O tracking generalizado nos chama a atenção. Há uma espécie de vigilância disseminada no social, já que todos podem, de certa forma, seguir os passos de todos. O controle exercido é generalizado, multilateral. As empresas controlam seus clientes; as ONGs controlam as empresas e os governos; os governos controlam os cidadãos; e os cidadãos controlam a si mesmos, já que precisam estar atentos ao que fazem.

Estamos falando aqui da importância da construção do perfil do usuário, termo que com o advento da web passou a ter um significado e uso mais amplo do que o atribuído pelos departamentos de RH. Na Internet, não temos uma identidade, mas um perfil (Costa, 2002).

Já na virada do milênio, o desenvolvimento da tecnologia de agentes inteligentes permitia mapear os perfis de usuários da web de maneira dinâmica, acompanhando suas atividades e aprendendo sobre seus hábitos. Essas novas ferramentas trabalham hoje não apenas orientadas por palavras-chave, mas também relacionando as consultas realizadas por todos os usuários em sua base de dados. Isso é feito com a finalidade de se encontrar padrões que possam auxiliar o próprio sistema na sua relação com os usuários, antecipando a oferta de produtos e serviços (Costa, 2002).

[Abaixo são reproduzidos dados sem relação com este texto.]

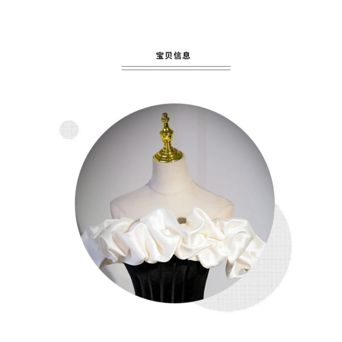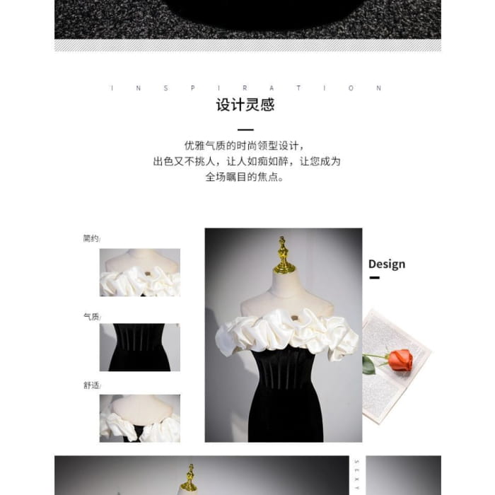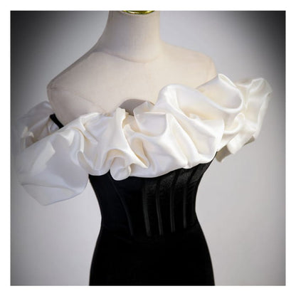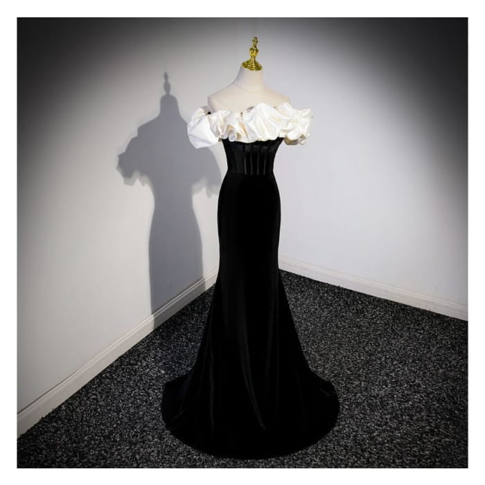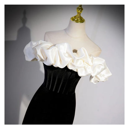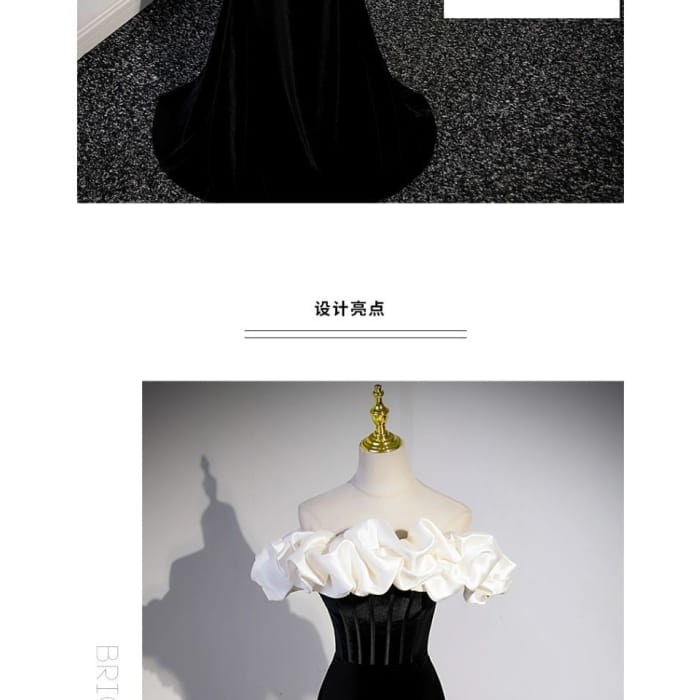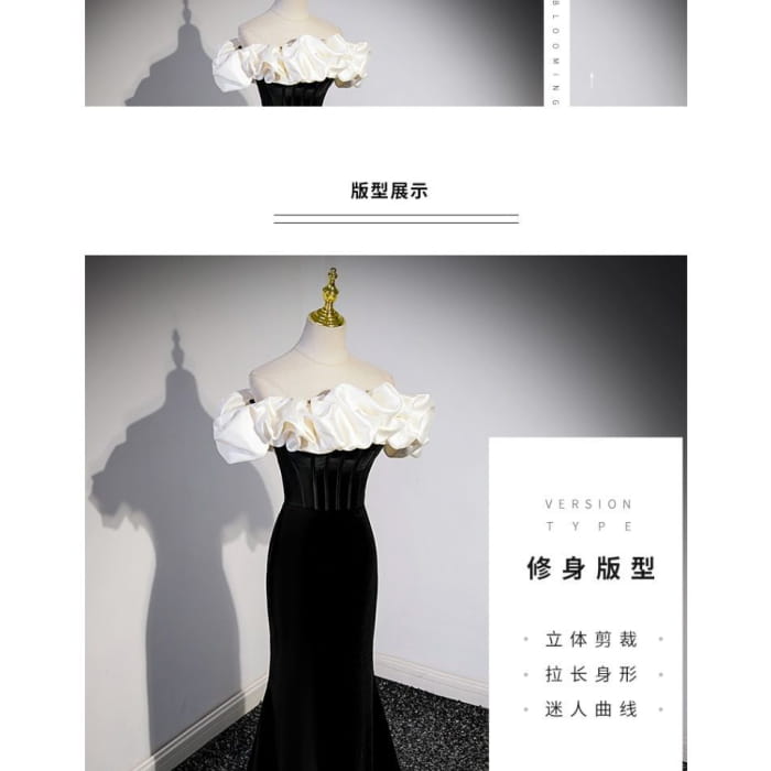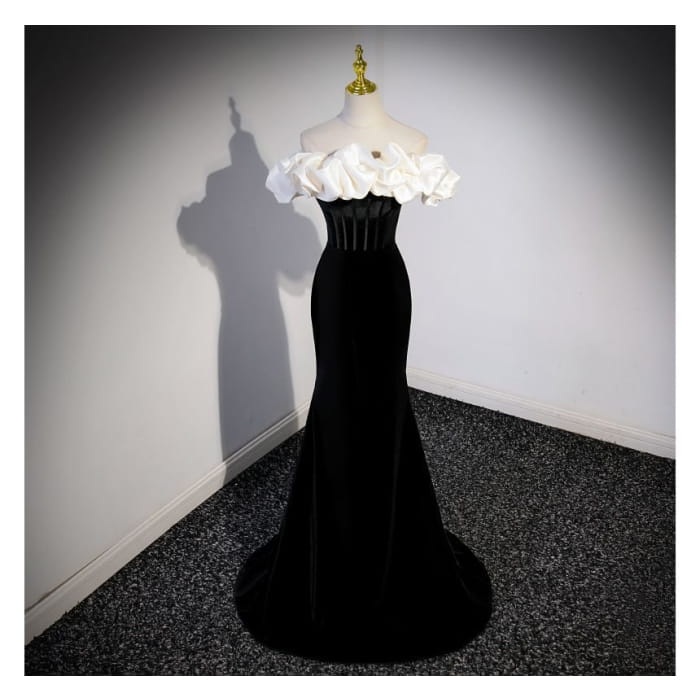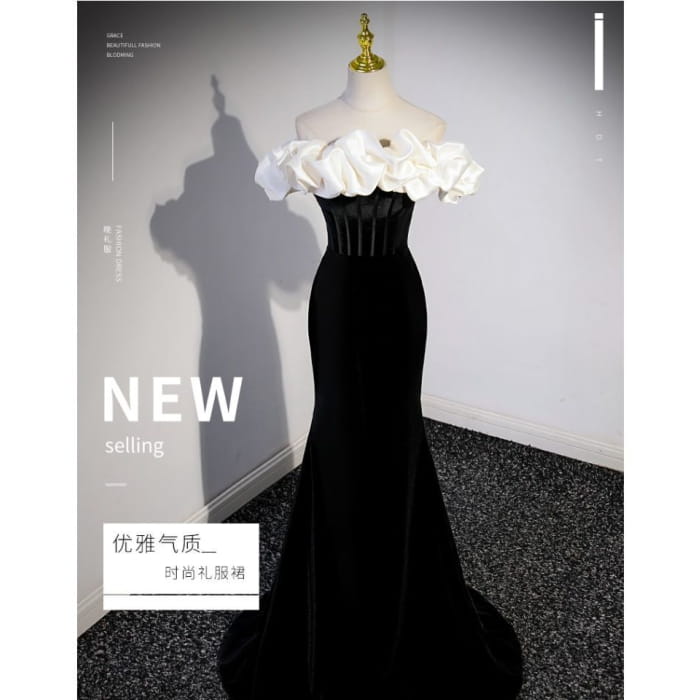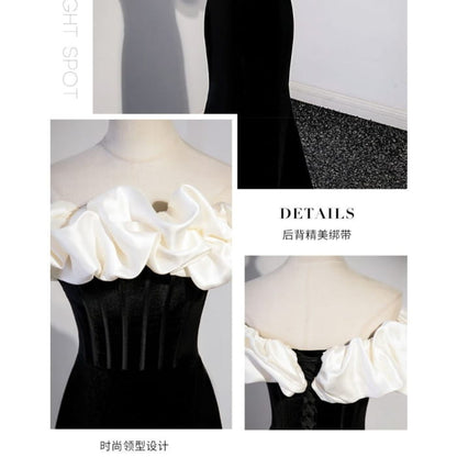 Kurzärmliges, schulterfreies, zweifarbiges Meerjungfrauen-Abendkleid aus Samt mit Rüschen

Ora, aquilo que na web é a construção de um perfil dinâmico de usuários com fins comerciais, que serve para alimentar a sociedade de controle light do marketing.

Conclusão

Em resumo, pode-se dizer que, no ciberespaço, para o bem ou para o mal, todos estão controlando todos, de maneira contínua e ininterrupta.E não esqueçamos jamais as origens militares a Internet…

Fontes:

CASTELLS, Manuel, A Sociedade em Rede na Era da Informação: Economia, Sociedade e Cultura – volume 1, São Paulo, Paz e Terra, 1999, p. 397;

COSTA, Rogério da, Sociedade de Controle, in http://www.scielo.br (acessado em 26 de junho de 2007).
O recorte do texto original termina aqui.